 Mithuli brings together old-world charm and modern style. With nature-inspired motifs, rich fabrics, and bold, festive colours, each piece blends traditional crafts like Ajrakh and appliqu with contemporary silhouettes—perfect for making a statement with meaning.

...

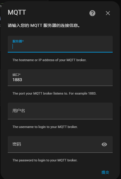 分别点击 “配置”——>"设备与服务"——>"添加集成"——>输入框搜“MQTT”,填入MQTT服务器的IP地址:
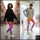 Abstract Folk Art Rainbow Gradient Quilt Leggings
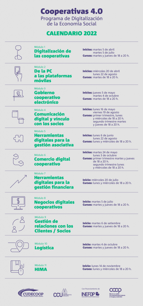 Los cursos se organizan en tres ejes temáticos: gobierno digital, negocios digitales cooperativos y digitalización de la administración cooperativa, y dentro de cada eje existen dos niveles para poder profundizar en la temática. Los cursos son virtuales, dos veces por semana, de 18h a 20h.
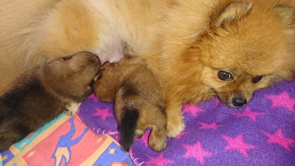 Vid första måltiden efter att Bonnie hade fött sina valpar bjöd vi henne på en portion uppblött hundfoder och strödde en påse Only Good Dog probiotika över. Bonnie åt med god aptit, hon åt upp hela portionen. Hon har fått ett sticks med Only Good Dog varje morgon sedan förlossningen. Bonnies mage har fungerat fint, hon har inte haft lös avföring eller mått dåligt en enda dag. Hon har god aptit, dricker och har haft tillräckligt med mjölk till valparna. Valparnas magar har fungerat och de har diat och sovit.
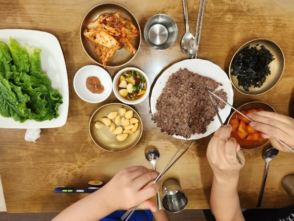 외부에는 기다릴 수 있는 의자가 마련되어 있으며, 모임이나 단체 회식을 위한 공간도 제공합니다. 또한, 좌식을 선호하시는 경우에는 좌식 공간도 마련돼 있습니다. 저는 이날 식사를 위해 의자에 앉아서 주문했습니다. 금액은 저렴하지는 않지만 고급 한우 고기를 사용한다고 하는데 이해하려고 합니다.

PROBLEM STATEMENT:
Using the data above, set down each line from the line with "Abstract Folk Art" to the line with "Vid första måltiden" exactly, both ends included, and leave the pictures behind. Nothing else belongs.

EXERCISE OUTPUT:
 Abstract Folk Art Rainbow Gradient Quilt Leggings
 Los cursos se organizan en tres ejes temáticos: gobierno digital, negocios digitales cooperativos y digitalización de la administración cooperativa, y dentro de cada eje existen dos niveles para poder profundizar en la temática. Los cursos son virtuales, dos veces por semana, de 18h a 20h.
 Vid första måltiden efter att Bonnie hade fött sina valpar bjöd vi henne på en portion uppblött hundfoder och strödde en påse Only Good Dog probiotika över. Bonnie åt med god aptit, hon åt upp hela portionen. Hon har fått ett sticks med Only Good Dog varje morgon sedan förlossningen. Bonnies mage har fungerat fint, hon har inte haft lös avföring eller mått dåligt en enda dag. Hon har god aptit, dricker och har haft tillräckligt med mjölk till valparna. Valparnas magar har fungerat och de har diat och sovit.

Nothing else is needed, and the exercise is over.